:: Provided material

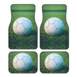 芝生の上の緑のサッカーボールの車用フットマット 4 点セット – SUV、トラック、セダン用のフロント & リア ユニバーサル カー フロアマット |
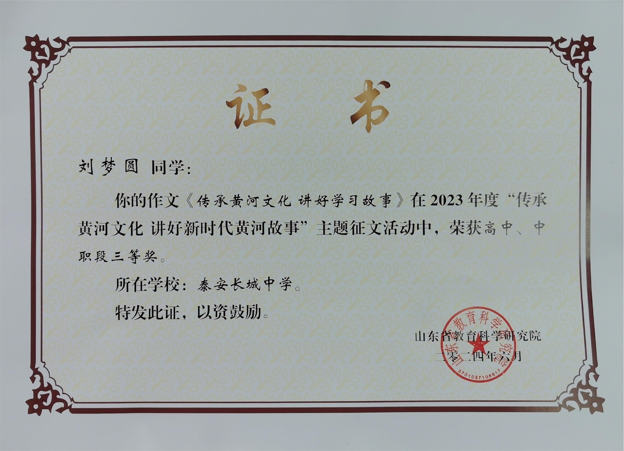 刘梦圆同学荣获省“传承黄河文化,讲好新时代黄河故事”主题征文高中、中职段三等奖,张宏硕、侯斯晨、刘梦圆等3位同学荣获市高中组一等奖,陈文晶、朱芳宇等2同学荣获二等级,申燕老师荣获优秀指导教师奖,刘兴华老师设计的案例《黄河之水》荣获市黄河文化育人优秀案例评选三等奖。
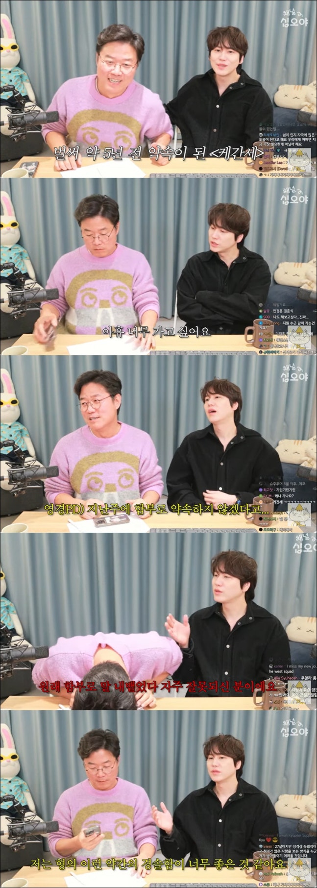 5년 만에 '케간세'를 다시 언급한 나영석PD는 "콘서트 언제 끝난다고? 5월부터는 시간 되니?"라고 일정을 조율했고 규현은 "너무 가고 싶다. 지원이 형도 (얘기했다.) 지원이형 수근이형이랑은 계속 본다"고 밝혔다.이에 나영석PD는 "스케줄 언제 되는지 물어보게"라며 이수근의 스케줄을 물어보려다 "영경이가 찍어야 되는데 죄송하다. 영경이가 억지로 웃고 있는 거 같다"고 이영경PD의 눈치를 봤다.

::::

◆ About this task: In this exercise, set down all of the data exactly, without the pictures.

◆ Output of the exercise:
 芝生の上の緑のサッカーボールの車用フットマット 4 点セット – SUV、トラック、セダン用のフロント & リア ユニバーサル カー フロアマット |
 刘梦圆同学荣获省“传承黄河文化,讲好新时代黄河故事”主题征文高中、中职段三等奖,张宏硕、侯斯晨、刘梦圆等3位同学荣获市高中组一等奖,陈文晶、朱芳宇等2同学荣获二等级,申燕老师荣获优秀指导教师奖,刘兴华老师设计的案例《黄河之水》荣获市黄河文化育人优秀案例评选三等奖。
 5년 만에 '케간세'를 다시 언급한 나영석PD는 "콘서트 언제 끝난다고? 5월부터는 시간 되니?"라고 일정을 조율했고 규현은 "너무 가고 싶다. 지원이 형도 (얘기했다.) 지원이형 수근이형이랑은 계속 본다"고 밝혔다.이에 나영석PD는 "스케줄 언제 되는지 물어보게"라며 이수근의 스케줄을 물어보려다 "영경이가 찍어야 되는데 죄송하다. 영경이가 억지로 웃고 있는 거 같다"고 이영경PD의 눈치를 봤다.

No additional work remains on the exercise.